<<<<

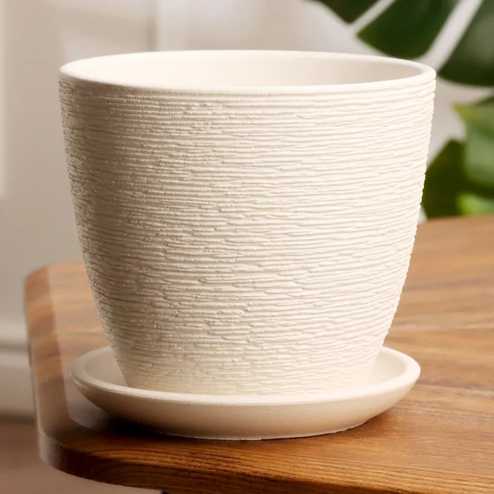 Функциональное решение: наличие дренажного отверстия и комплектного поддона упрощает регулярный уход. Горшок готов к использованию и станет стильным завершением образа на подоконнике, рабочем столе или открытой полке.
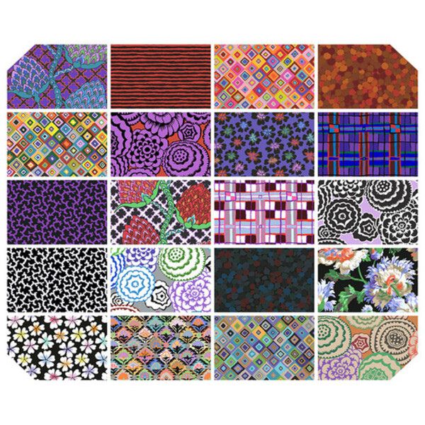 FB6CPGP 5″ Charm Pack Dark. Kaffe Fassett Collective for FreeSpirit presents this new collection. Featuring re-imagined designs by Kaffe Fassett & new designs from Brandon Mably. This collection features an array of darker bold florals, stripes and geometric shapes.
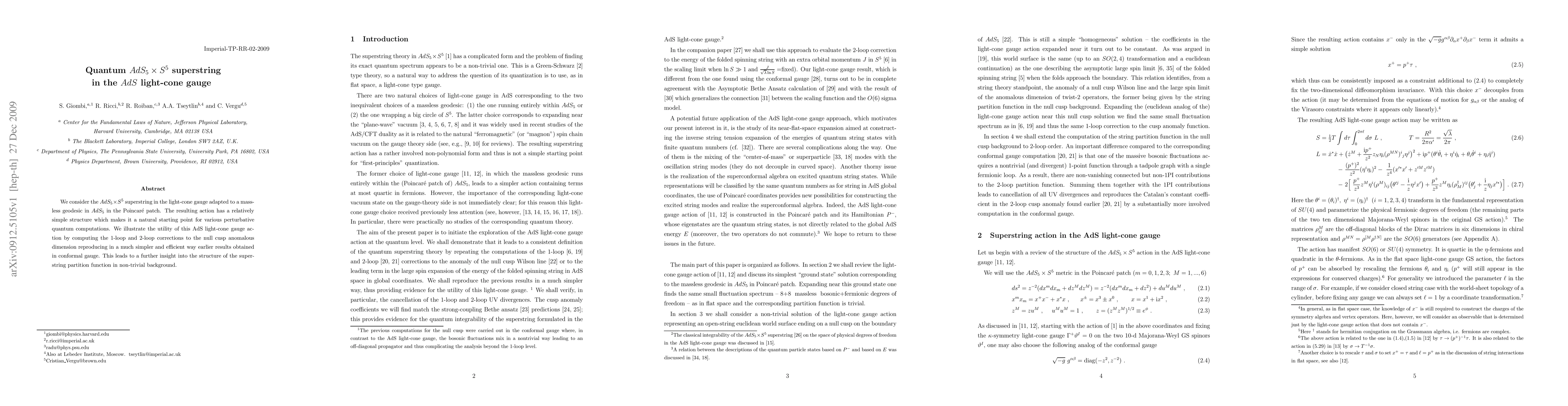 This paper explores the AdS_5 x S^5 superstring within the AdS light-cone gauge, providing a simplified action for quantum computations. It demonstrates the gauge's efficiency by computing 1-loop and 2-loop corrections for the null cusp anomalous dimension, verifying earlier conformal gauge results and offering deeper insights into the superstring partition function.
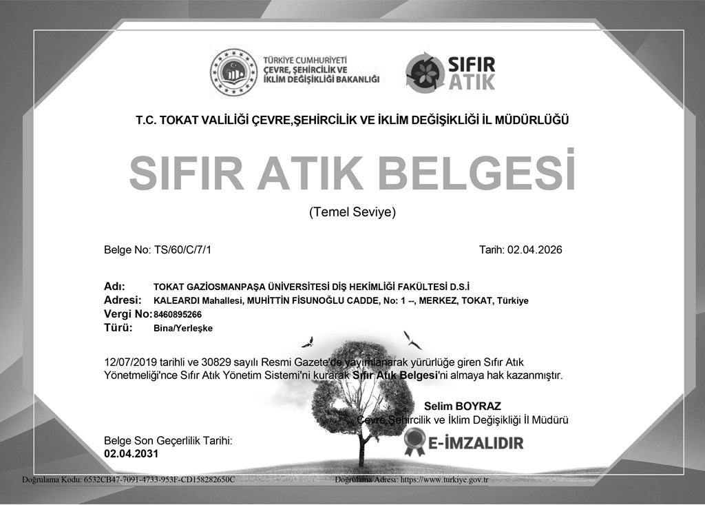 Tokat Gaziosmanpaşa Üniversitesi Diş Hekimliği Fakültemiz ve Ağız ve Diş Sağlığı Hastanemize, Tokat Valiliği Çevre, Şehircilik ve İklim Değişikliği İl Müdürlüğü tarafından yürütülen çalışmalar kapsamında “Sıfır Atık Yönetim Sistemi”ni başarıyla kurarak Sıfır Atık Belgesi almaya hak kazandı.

>>>>

Please write out, word for word, each line from the one with "This paper explores" to the last line of the data, keeping both ends and omitting pictures.

▶ **EXERCISE ANSWER**
 This paper explores the AdS_5 x S^5 superstring within the AdS light-cone gauge, providing a simplified action for quantum computations. It demonstrates the gauge's efficiency by computing 1-loop and 2-loop corrections for the null cusp anomalous dimension, verifying earlier conformal gauge results and offering deeper insights into the superstring partition function.
 Tokat Gaziosmanpaşa Üniversitesi Diş Hekimliği Fakültemiz ve Ağız ve Diş Sağlığı Hastanemize, Tokat Valiliği Çevre, Şehircilik ve İklim Değişikliği İl Müdürlüğü tarafından yürütülen çalışmalar kapsamında “Sıfır Atık Yönetim Sistemi”ni başarıyla kurarak Sıfır Atık Belgesi almaya hak kazandı.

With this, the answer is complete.